Brooks founded this gallery in 2017 with the aim of furthering the artistic conversation amongst artists and art-lovers in Louisville. Named after the affectionate nickname of painter Max Beckmann’s second wife Quappi (a derivation of Kaulquappe, German for “tadpole”), Quappi Projects hosted numerous exhibitions at Lytle Street before moving during the summer of 2019 to its current space on Market Street. Brooks now operates Quappi Projects out of Market Street and continues his studio practice on Lytle. There, tucked within the bright, white-walled space of the former Quappi Projects, one finds a curtain. And behind that curtain is Brooks’s studio: an enclave for his paintings, collages, easels, and gathered sources of inspiration.

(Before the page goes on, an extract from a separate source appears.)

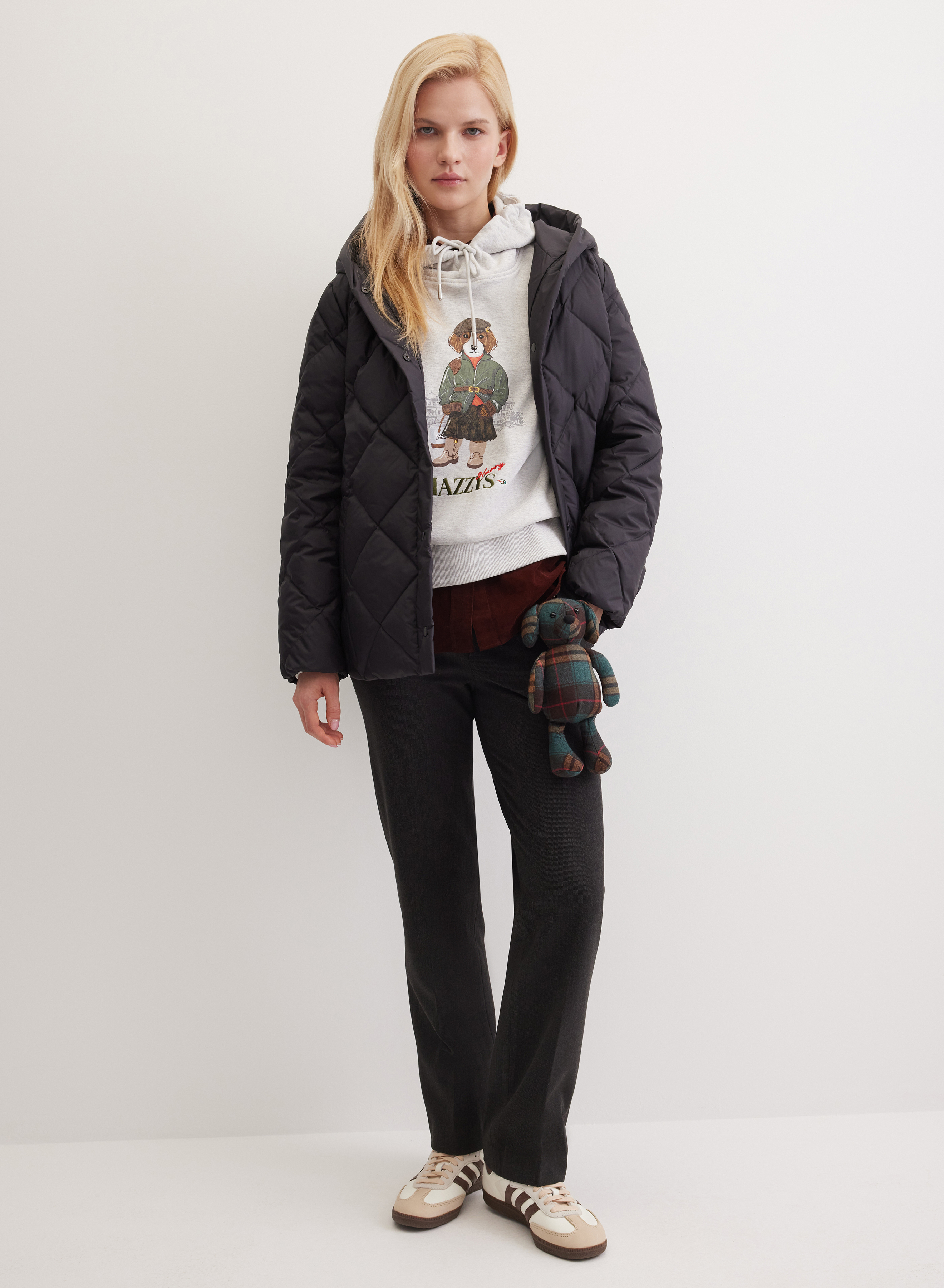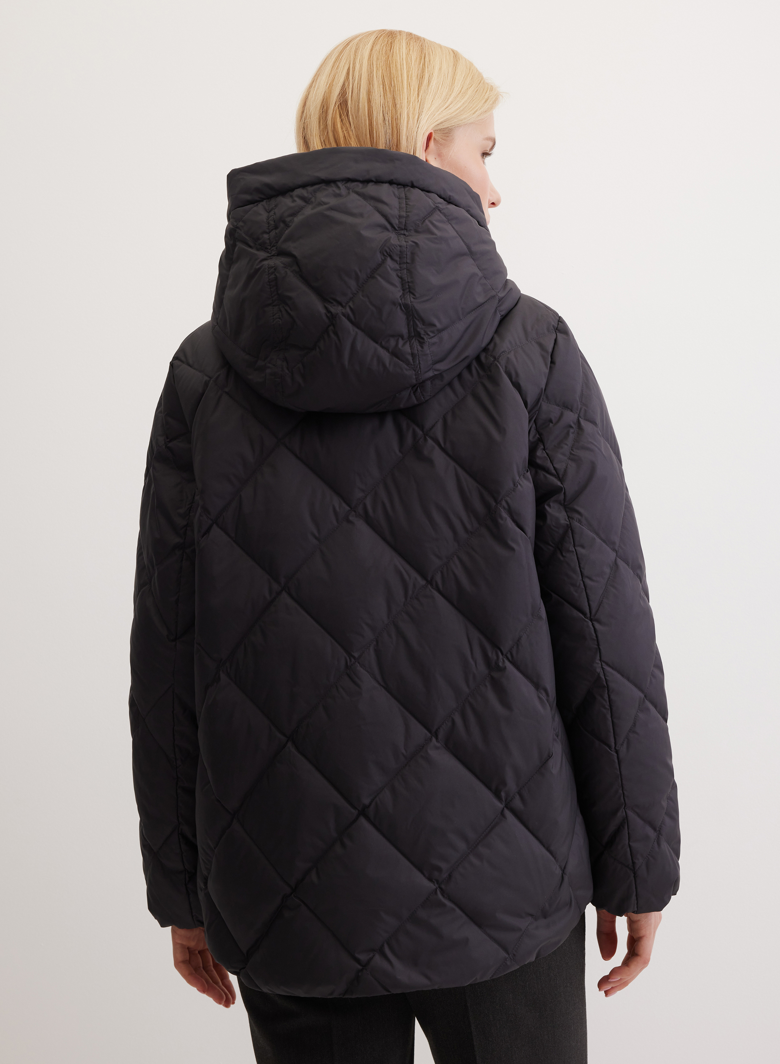 Стеганый пуховик с объемным капюшоном

As an artist Brooks is at home with the unknown, the ambiguous, the subtle, and the fleeting. His education had various chapters, from studying politics at the University at Charleston, to studying art at the Central St. Martins College of Art & Design and the Hampstead School of Art while living in London, England. The most lasting conceptual impact, however, came from his time spent visiting Berlin over the years and a summer spent studying under the figurative painter Norbert Bisky in 2015 at Berlin’s AUTOCENTER Summer Academy. Brooks’s admiration for Germanic artistic influences and Germany’s sensitivity to its own dark history finds its way into many aspects of his practice. He often returns to the Max Beckmann quote: “All important things in art have always originated from the deepest feeling about the mystery of Being.” He explains, “I came across that quote some years ago and it stuck with me because that is how I look at the world. We understand a lot, but there is also so much that we don’t understand. Or can’t comprehend…I aim to imbue my work with that sense of unknowing. My creative impulses come from that place, and from a place of longing or missing. There’s a great German word for this feeling: Sehnsucht.”

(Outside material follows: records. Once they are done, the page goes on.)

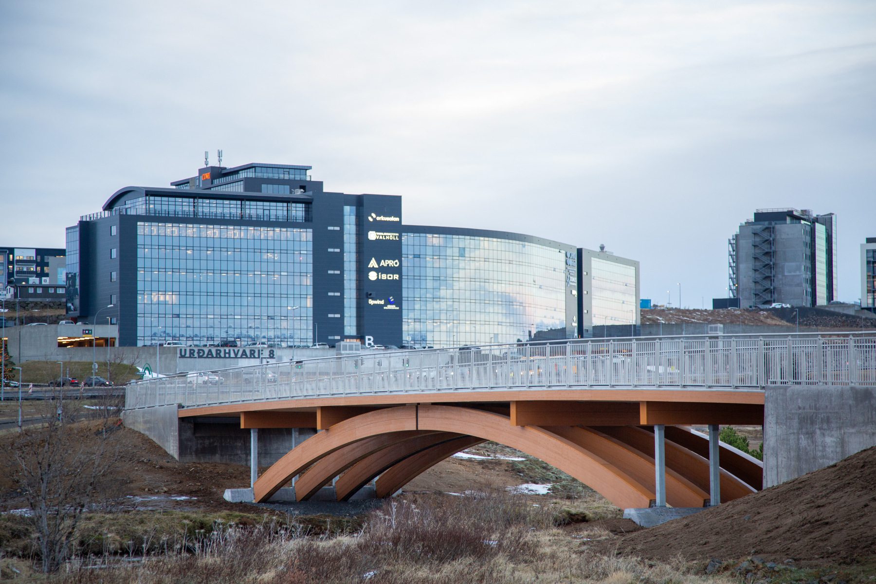 Göngubrúin yfir Elliðaárdal er glæsilegt dæmi um hvernig ólík byggingarefni geta unnið saman og myndað bæði fallega og hagnýta heild. Með burðarvirki úr límtré nýtir brúin styrk og náttúrulegt yfirbragð timbursins, á meðan malbikaður gönguflötur tryggir góða endingu og örugga notkun árið um kring.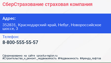 СберСтрахование, страховая компания по адресу 352831, Краснодарский край, Небуг, Новороссийское шоссе, 3 в дальнейшем Организация, размещена в следующих категориях: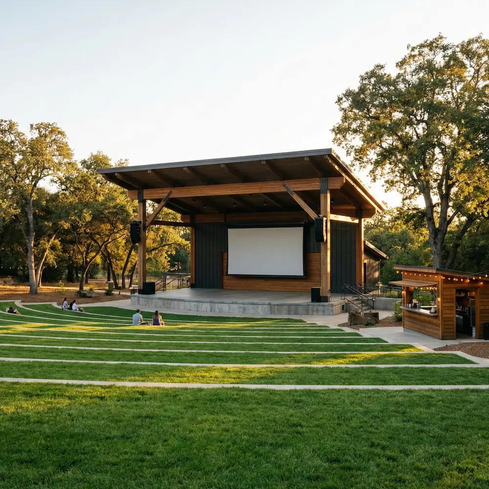 An open-air amphitheater in the town park with lawn seating and a covered stage, ideal for community performances and summer comedy nights.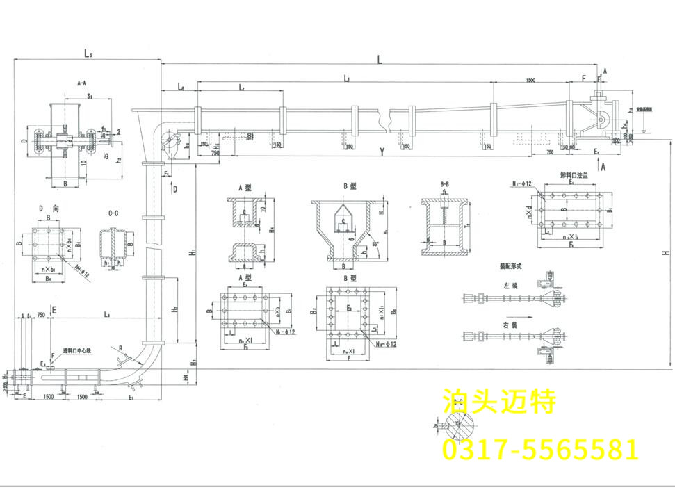 (2)物料温度:一般机型适用物料温度小于120℃;热料型输送物料的温度为100~450℃,瞬时物料温度允许达到800℃。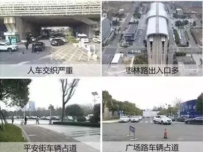 公交车场中混入社会车,人车交织,秩序混乱;枣林路出入口多,交通组织混乱;交安监控设施配套不足,存在黄牛拉客、路边乱停乱靠现象;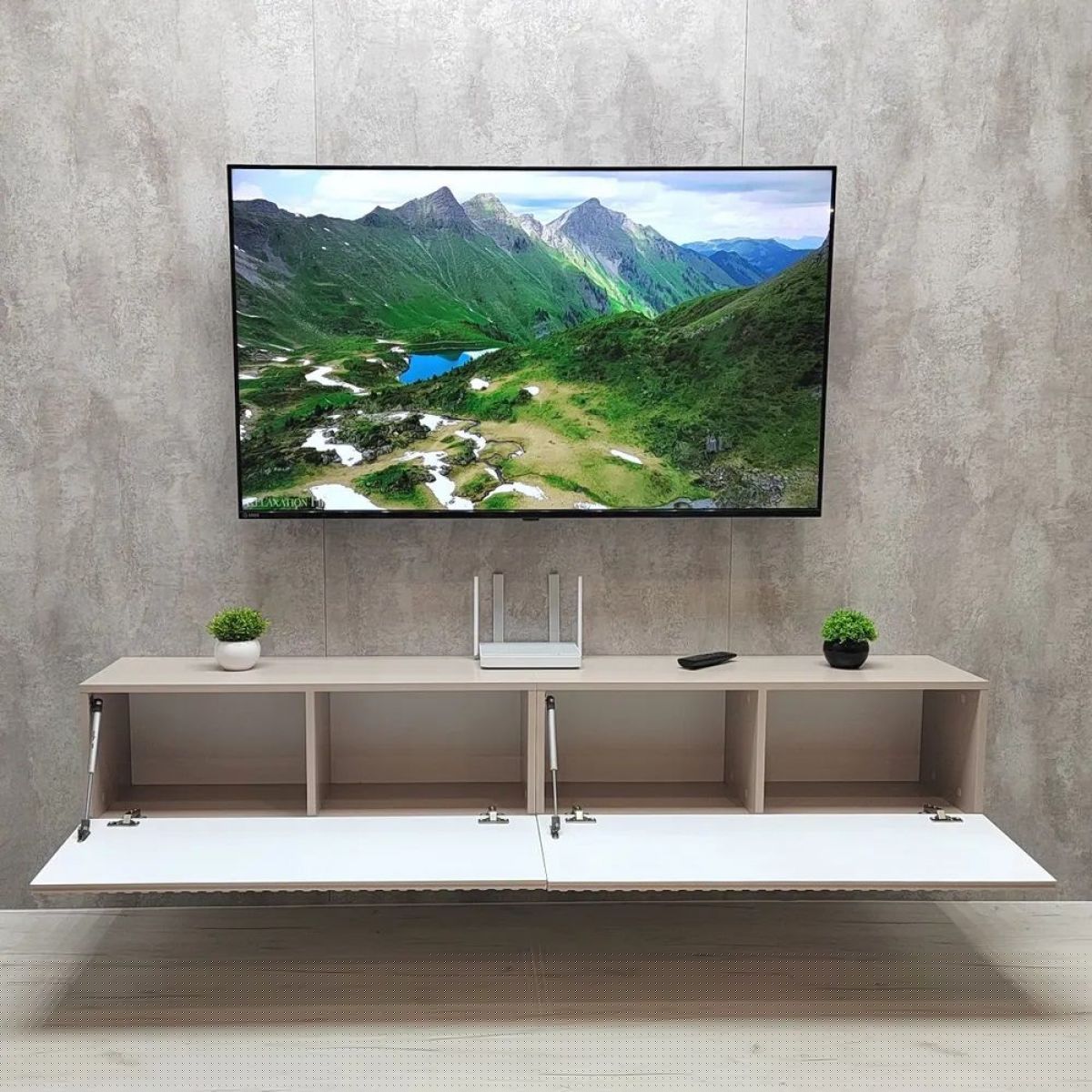 Вы можете подвесить одну тумбу под ТВ рядом с другой, чтобы получилась одна длинная тумба под телевизор в стиле лофт, длиной 180 см.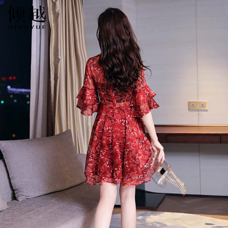 / 2017夏新款女裝韓版修身V領喇叭袖碎花雪紡連衣裙中長款顯瘦a字裙

Brooks’s promotion of expansive thinking connects to his work in curation (as the director of Quappi Projects he steers the gallery’s exhibition program), and to his interest in poetry. He describes himself as “a person who writes constantly in my head as I move throughout the day.” Though it felt natural for him to eventually connect his painting to his poetry practice, the result was nonetheless transformative. The titles for his most recent body of paintings are all drawn from his poetry. His series of work, “A Map of Scents,” on view at Moremen Gallery during the summer of 2019, employs this strategy of poetically titling his pictures, as well as a fresh aesthetic that Brooks explains came from integrating his process of collage-making into his painting. Brooks previously felt he could create more freely in the medium of collage, without the historical weight of painting upon him. He had a breakthrough moment when he realized he could combine his collage and painting techniques: “After nearly a decade of almost exclusively creating expressive faces, my painting practice had reached a standstill. I did not see a way forward until it occurred to me to utilize my collages—during the making of which I do not suffer from compositional frustrations—to help facilitate composition in my painting. Through this change in method and approach I feel unbounded.”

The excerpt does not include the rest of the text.